Troianovski claims Kolomoisky left the Ukraine for Switzerland in 2017. This  isn’t true;  Troianovski failed to research Kolomoisky’s history of residence in Israel, Crimea, Switzerland, and France.   Troianovski reports on an FBI investigation of Kolomoisky, but provides no substantiation and is ignorant of its origin or substance; here’s where that started four years ago.  

He is also unaware of the financing which Kolomoisky’s and Zelensky’s domestic rivals have pumped into Washington lobbying, the Clinton family, and think-tanks like Brookings and the Atlantic Council to promote themselves. Here’s the Yulia Tymoshenko story; the Victor Pinchuk story;  and the Dmitry Firtash story.

Troianovski reports on the International Monetary Fund’s funding terms for Ukraine, regularly endorsed by the US Treasury, but Troianovsky has read no document nor asked a source; here’s how and when that story began in June 2014; Troianovski’s named sources on Kolomoisky are the current US Ambassador in Kiev, and ex-US officials Fiona Hill and George Kent testifying in the Congressional proceedings against President Donald Trump; for Hill’s credibility, read this

Troianovski omitted to ask Kolomoisky what he knows about the Burisma oil and gas company and its place in the influence peddling and favour-trading of the Biden family in the Ukraine. Kolomoisky’s knowledge of the Clinton family’s financial links to the Ukraine was also not a subject of the New York Times’s curiosity, nor of Troianovski’s when he worked for the Wall Street Journal and the Washington Post

Troianovski’s black-out and the New York Times’ editorial policy were calculated to ignore what Kolomoisky had explicitly told the Ukrainian media, print and television, last May.   “There is so much interesting information that everyone will be interested [to know]”, Kolomoisky had said. “I believe both U.S. and our law enforcers. And they will be very interested.”

The Ukrainskaya Pravda interview was conducted in Russian; source: https://www.pravda.com.ua

Troianovski and his editors couldn’t have missed the invitation for them to follow up. It was published in English last month by their rival, the Washington Post.  

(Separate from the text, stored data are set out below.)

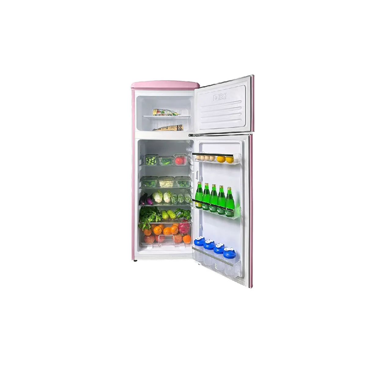 De slanke afmetingen van 55 cm breed en 144 cm hoog optimaliseren de ruimte en bieden een netto volume van 206 liter, ideaal voor een compacte keuken. Het vriesvak bovenin en het koelgedeelte van 162 liter maken dagelijkse toegang gemakkelijk. Statische koeling zorgt voor eenvoudig onderhoud, terwijl energiezuinige ledverlichting de zichtbaarheid op elke plank verbetert. Het geluidsniveau van 39 dBA zorgt voor discreet gebruik in een studio-appartement of open woonruimte. Het roze design, gecombineerd met zilveren details en vaste handgrepen, past naadloos in een modern of retro interieur zonder visuele rommel.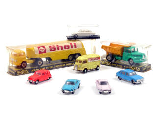 états de 'A' à 'C' - série MICRO MINIATURES - comprend : UNIC semi-remorque citerne 'SHELL' (petites traces d'oxydation sur les axes de roues), UNIC benne MARREL, PEUGEOT 204, 2 RENAULT FLORIDE, RENAULT 4L 'NOREV', RENAULT 16 & CITROËN 1200 kg 'SEMELFLEX' (carrosserie & châssis très déformés) - 3 modèles avec boîte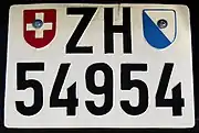Vehicle license plates of Switzerland, are composed of a two-letter code for the canton and a number with up to 6 digits. The rear plates also display two shields with the flags of Switzerland and the respective canton. Since 1972, the sizes of the plates have been 300 x 80 mm (front) and 300 x 160 mm (rear). In 1987, the optional long format rear plates of 500 x 110 mm, which had been abolished in 1972, were reintroduced.[1]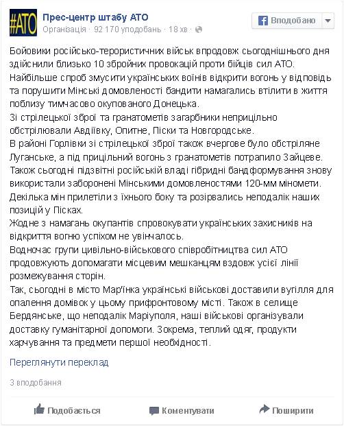 Кроме того, террористы из стрелкового оружия и гранатометов неприцельно обстреливали Авдеевку, Опытное, Пески и Новгородское.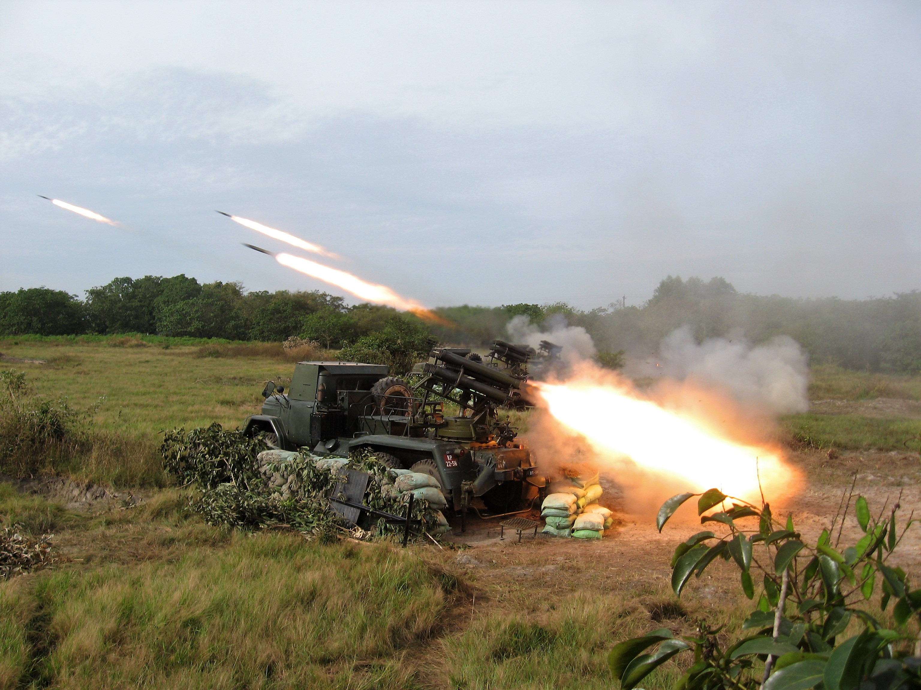 Pháo binh Lữ đoàn 75 khai hỏa trong diễn tập.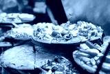 True italian pizza in the showcase of pizzeria in Florence, Italy. Food background.
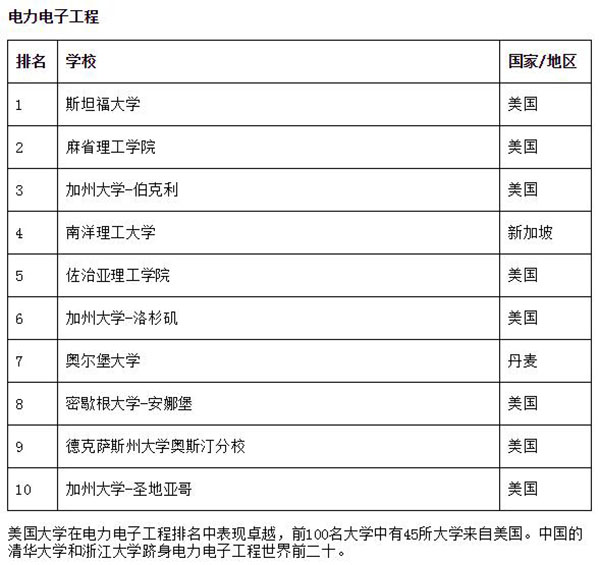 电力电子工程前100名大学中,有45所大学来自美国;中国的华体会娱乐平台和浙江大学跻身世界前二十。

Instead, the New York Times started its story with the editorial comment that there is a “de facto war between Ukraine and Russia — a fight, many here say, to shake off the shackles of a colonial master and to move closer to the West. A crucial figure in the effort was a billionaire named Ihor Kolomoisky, who spent millions of dollars to field and equip fighters and helped stop the Russian advance in 2014.”   The story ends with Kolomoisky making threats. 

That was the punch-line.

Kolomoisky may be the biggest Ukrainian bank robber the FBI has ever pursued, or he may not be. But until a few weeks ago, when he began to threaten the US Government’s strategy of “war against Russia to the last Ukrainian”, and an alliance between Kiev and Moscow to deploy Russian tanks in shooting range of the Polish cities of Cracow and Warsaw, he was a US asset. Now the newspaper in New York has arranged for Kolomoisky to place himself in the bull’s-eye as America’s Public Enemy Number One.